26 septembre - 21 novembre 2020




 

L'art de se disputer

Pascal Pinaud et Philippe Ramette se sont rencontrés à la Villa Arson quand Noël Dolla y était professeur. A l'époque où ils fréquentaient l'atelier de Dolla, la disputatio était en vigueur. Dolla en faisait sa méthode d’enseignement et de recherche et, il paraît, une technique d’examen. Depuis le temps, il n'est plus question que Dolla distribue les rôles d'opponens et respondens pour enseigner l'argumentation picturale.

Aujourd'hui, les trois artistes partagent les cimaises dans une discussion décidément triangulaire, parfaitement équilatérale. Une centaine d'œuvres foisonnent de propositions plastiques argumentant en faveur d'un modernisme radical sans dire mot. L'art plastique sera visuel ou ne sera pas. On se régale de tout ce savoir mûrement acquit et définitivement muet. Tout en restant circonscrit dans son propre champ d'investigation, chaque artiste interroge largement la tradition picturale avec la rigueur acquise par une longue pratique.

Pinaud ne questionne pas la peinture, il fait des tableaux. Dans Sans titre 2006 (tissu contrecollé sur bois, acrylique, gel médium, canevas), Deep Black Mitsubushi (laque automobile sur tôle, papier adhésif, vernis) ou Sans titre 2009 (tissu d'ameublement contrecollé sur bois, peinture pour soie, gel médium) il restitue les résultats de la peinture analytique sans s'attarder dans les démonstrations. On n'en a pas besoin, car ces œuvres sont actionnées par une sensualité d'autant plus palpable qu'elle est froide et sans affect. Ses expériences dans la série Patère sont particulièrement suaves : chaque pièce s'approprie l'espace mural sur lequel elle est suspendue et la dynamise tout en restant entièrement autonome, sans référence qui la lie au réel ou à l'expressivité. Que ce soit le support, les matériaux, Pinaud s'y connaît dans les finitions.
A première vue, son souci est pour l'excellence dans le travail : patron respectueux et respecté par ses artisans. Mais l'œuvre ne se révèle entièrement qu'à celui qui comprend ses critères internes et la manière dont elle veut être vue : c'est à dire caressée de la main désinvolte d'un dandy. Son attitude évoque Oscar Wilde dans Le déclin du mensonge : « Dès qu'une chose nous affecte en douleur ou plaisir, ou fait un pressant appel à notre sympathie, ou est une partie vitale de l'ambiance où nous vivons, elle est en dehors de la sphère propre de l'Art. »

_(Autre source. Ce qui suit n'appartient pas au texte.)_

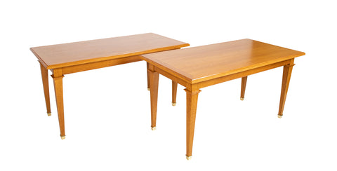 A pair of oak library tables having tapered legs in the manner of Jacques Adnet. Mid 20th century.
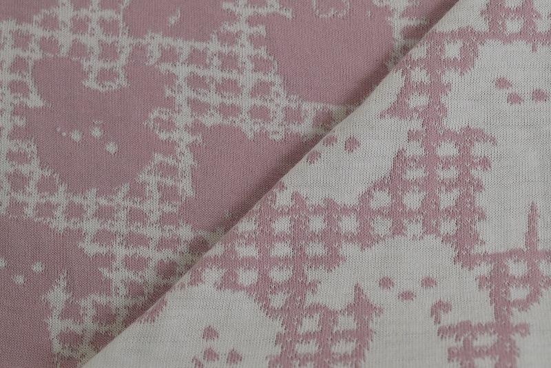 リバーシブルジャガードニット生地 ふわもこプードル柄              色:フレンチローズ/アイボリー
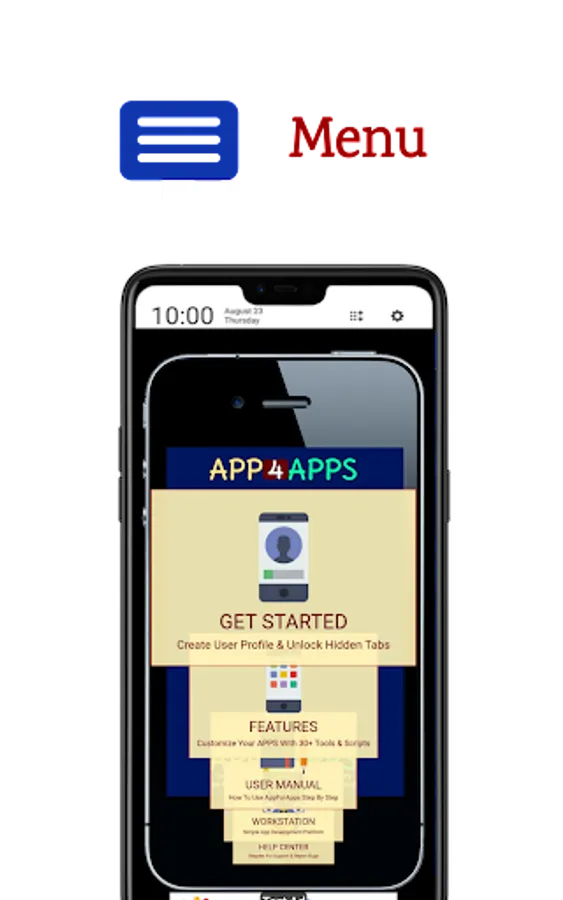 AppForApps is a Mobile application that you can use to create any type of Mobile App directly on your phone or tablet without programming skills. You can download the AppForApps for free today and sign-up to begin building your own customized Mobile Application within the next 24 hours.
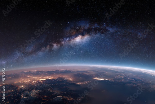Vibrant Milky Way Galaxy Displays Over Illuminated City Lights Earth Curvature Beneath Starry Night Cosmic Scenery

L'éthique conceptuelle de Philippe Ramette s'exprime avec humour. C'est à la fois un instrument de combat et un bouclier. Ainsi armé, il assume sa place dans le débat pictural alors que son médium de prédilection est la photographie. Sans confiance en la raison, son travail exploite les paradoxes visuels qui mettent en cause toute notion de point de vue --de l'artiste ou du spectateur. En même temps, il déjoue tous les pièges linguistiques qui sont le fonds de commerce d'artistes comme René Magritte car son principe est de renouveler le statut de l'œuvre d'art tel qu'elle a pris place dans notre modernité. Ramette cherche la légitimité dans le subversif, la permanence esthétique dans l'éphémère. On soupçonne son attitude potache de cacher une réelle mélancolie, qui ferait elle-même écran devant de l'idéalisme ou une entreprise de sauvetage. Loin de glorifier les exploits de l'homme contemporain, il fabrique des objets qui pourraient être pris pour des fétiches à conjurer les démons libérés par l'inconséquence de nos désirs.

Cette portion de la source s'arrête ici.